[Opening DATA UNDER STUDY section]

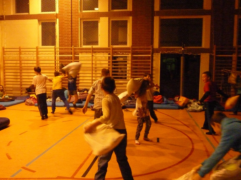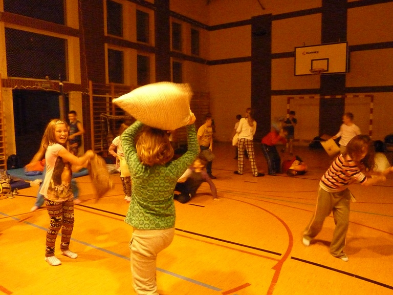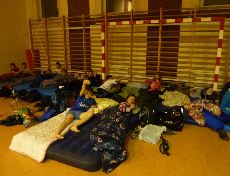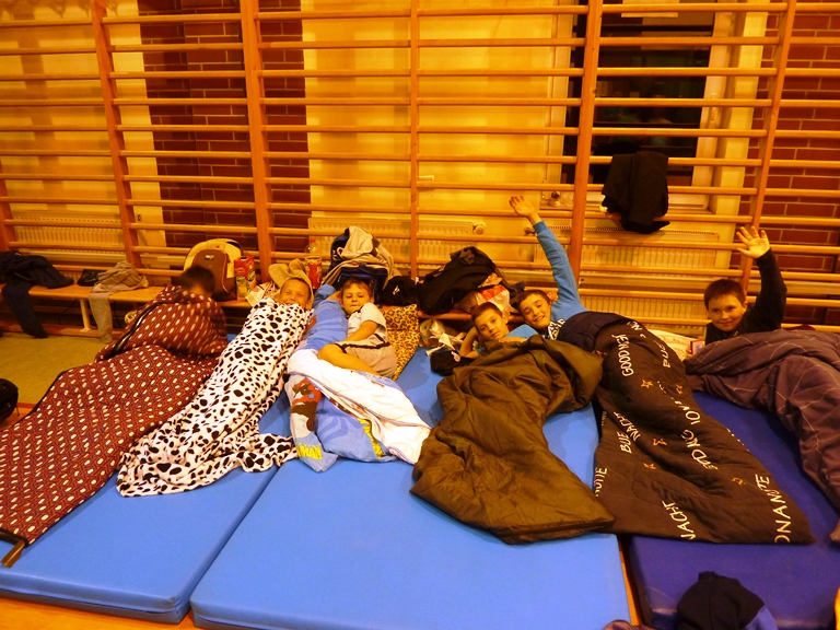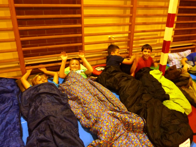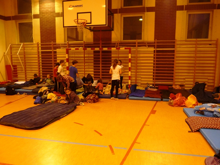 W drugi weekend października klasy starsze spotkały się na jesiennym biwaku, który odbył się w naszej szkole w dniach 10 oraz 11 października 2014 roku. Biwak rozpoczął się wspólnymi podchodami, podczas których biwakowicze podzielili się na dwie drużyny i wraz z opiekunami oraz wielkim entuzjazmem ruszyli do zabawy. Wraz z nastaniem zmierzchu podchody dobiegły końca a cała grupa ruszyła w „tajemne miejsce” na wspólne ognisko przygotowane przez dwóch uczniów klasy VI: Marka oraz Przemka. Z pełnymi brzuchami i w wyśmienitych humorach ruszyliśmy do szkoły, żeby przygotować się do noclegu. Niespodziewanie podczas przygotowywania miejsc noclegowych „wybuchła” wielka bitwa na poduszki. Po wyczerpującej walce na wpół przytomni wojownicy zalegli w swoich mięciutkich i przytulnych śpiworkach, żeby oglądnąć „bajkę na dobranoc”, po której wszyscy biwakowicze grzecznie lub mniej (w zależności od pozostałej energii) udali się na spoczynek.
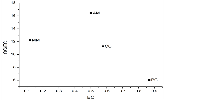 About OC/EC were selected urban background samples (AM: Amelia, CC: Città di Castello, PC: Perugia) and rural background samples (MM: Monte Martano). The high value of the ratio OC/EC in rural background is likely due to a strong biogenic components in the OC, the EC values (traffic marker) are very low in these samples as we can expect in a rural background; the low value of the ratio OC/EC in PC can be explained by a greater contribution of EC instead. The other two sampling points are placed in intermediate positions; the three urban backgrounds are ideally located along a line, the rural background shows values completely different (Figure 7).
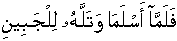 Thereafter when they both submitted to command and he laid him down for his forehead [37:103]
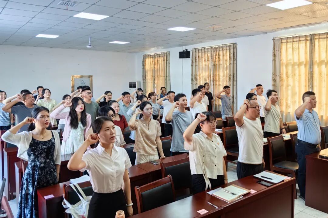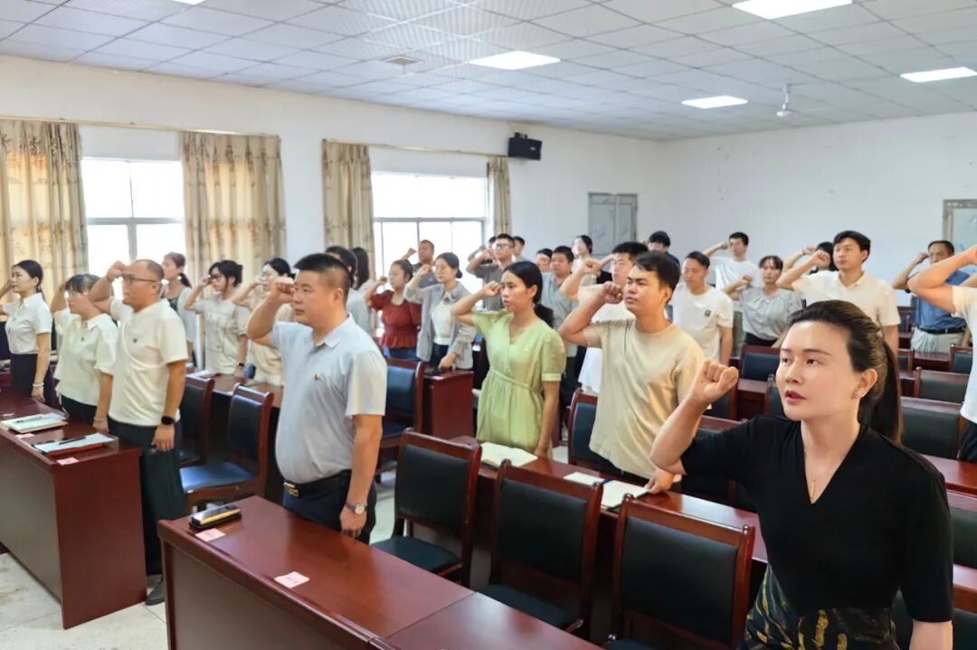会议在庄严的国歌声中拉开帷幕 , 全体与会人员庄严肃立,激昂的旋律回荡在会场。 随后, 教师宣誓中冯李平副校长领誓,句句誓言铿锵有力,展现了全体教师投身教育事业的坚定决心 。
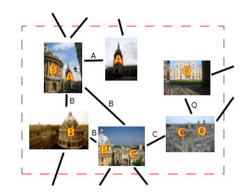 이 논문 이전 Turcot 과 Lowe라는 연구자들은 retrieval 의 성능을 올리기 위해 Fig 3. 과 같이 그래프에 있는 모든 인접 이미지의 visual word 수로 augmentation 하였습니다. 이는 query expansion 에서의 문제들을 데이터 베이스 측면에서 상호보완해준 방식입니다. 그러나 이 방식은 인접 이미지의 모든 visual word 로 augmentation을 하기에 시각적으로 보이지 않는 visual word 에 대해서도 augmentation 되어 연관성이 없는 인접 이미지도 포함될 수 있습니다. 저자는 이 방식에서 눈에 보이는 visual word 만을 이용하고, query 와 인접 이미지에서 동일한 visual word 에 대해 homography 를 추정할 수 있을 때만 image graph를 만들어 인접 이미지를 구하는 방식인 SPAUG(Spatial database-side feature augmentation) 을 제안했습니다.
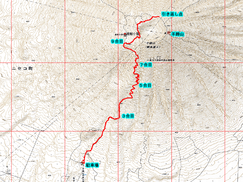 前日に、倶知安町役場に電話を掛けて、羊蹄山の登山道の状態を確認したところ、アイゼンの携行は不要とのことでした。
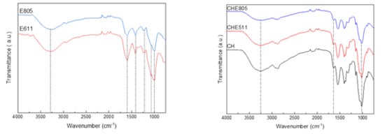 SpainFTIR (Fourier Transform Infrared) analysis was carried out to evaluate the interactions between chitosan and EPS. Regarding EPS (Figure 2a), the main characteristic bands appeared at 3300 cm−1, corresponding to O-H stretching; at 1633 cm−1, associated to C=O stretching; around 1400 cm−1, corresponding to C-H stretching vibrations in hexoses; at 1230 cm−1, associated to the presence of sulfates; at 1100 cm−1, due to glycosidic linkages; and at 1000 cm−1, related to C-O stretching [14]. The most relevant difference between the two EPS was related to the difference in the relative intensity between the bands at 1633 and 1400 cm−1. As can be seen in Figure 2a, the intensity of those bands was similar for E805, indicating a higher content of hexoses, which could lead to a higher TS of CHE805 films due to these cyclic structures providing rigidity. Additionally, a higher EAB of CHE805 films could be due to the promotion of hydrogen bonding with the hydroxyl groups of the hexoses.
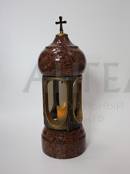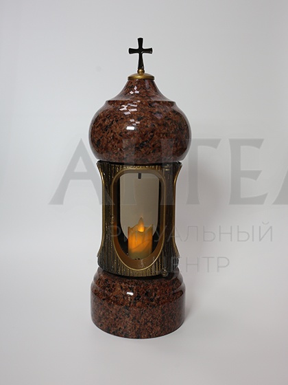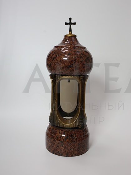 Высокая лампада из красного гранита с позолоченными элементами позволяет разместить свечу и надёжно защитить её от ветра.
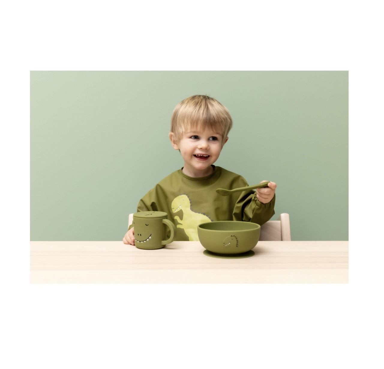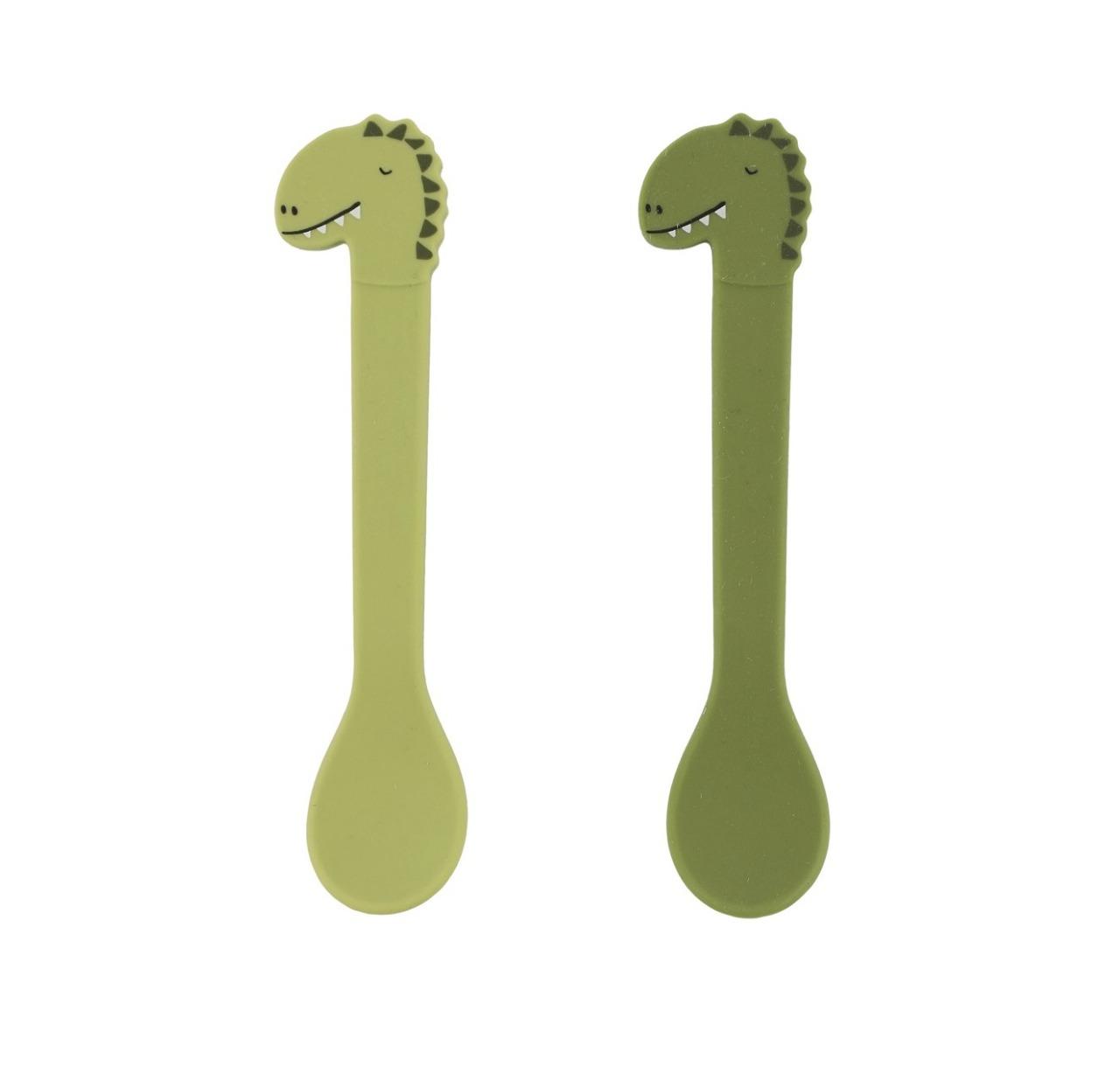 Δύο πολύχρωμα κουτάλια με πρόσωπα ζώων για να απολαύσετε το γεύμα σας! Αυτά είναι τα ιδανικά κουτάλια για να ταΐσετε το παιδί σας στερεά τροφή. Τα κουτάλια είναι επίσης εξαιρετικά για παιδιά που μαθαίνουν να τρώνε μόνα τους. Υπάρχει ένα μέρος από ανοξείδωτο χάλυβα ενσωματωμένο μέσα στο κουτάλι για στιβαρότητα και για να το διατηρεί ίσιο. Αυτός είναι ο λόγος για τον οποίο αυτό το προϊόν αποτελεί εξαίρεση στην υπόλοιπη σειρά σιλικόνης και δεν μπορεί να χρησιμοποιηθεί στον φούρνο μικροκυμάτων. Η σιλικόνη είναι ιδανική για χρήση στην κουζίνα. Δεν σπάει και είναι ασφαλές για χρήση στο πλυντήριο πιάτων, στην κατάψυξη και στο φούρνο. Ακόμη και με εντατική χρήση, τα επιτραπέζια σκεύη θα παραμείνουν σε καλή κατάσταση και μπορούν εύκολα να δοθούν μετέπειτα σε μικρά αδέρφια ή φίλους. Η σιλικόνη 100% ποιότητας τροφίμων συμμορφώνεται με όλα τα ευρωπαϊκά πρότυπα ασφαλείας.

[Closing DATA UNDER STUDY section]

WHAT IS EXPECTED:
In the records above, find the line with "Thereafter when they". Print exactly from there through the line with "会议在庄严的国歌声中拉开帷幕 , 全体与会人员庄严肃立,激昂的旋律回荡在会场。", minus the pictures.

EXERCISE RESPONSE:
 Thereafter when they both submitted to command and he laid him down for his forehead [37:103]
会议在庄严的国歌声中拉开帷幕 , 全体与会人员庄严肃立,激昂的旋律回荡在会场。 随后, 教师宣誓中冯李平副校长领誓,句句誓言铿锵有力,展现了全体教师投身教育事业的坚定决心 。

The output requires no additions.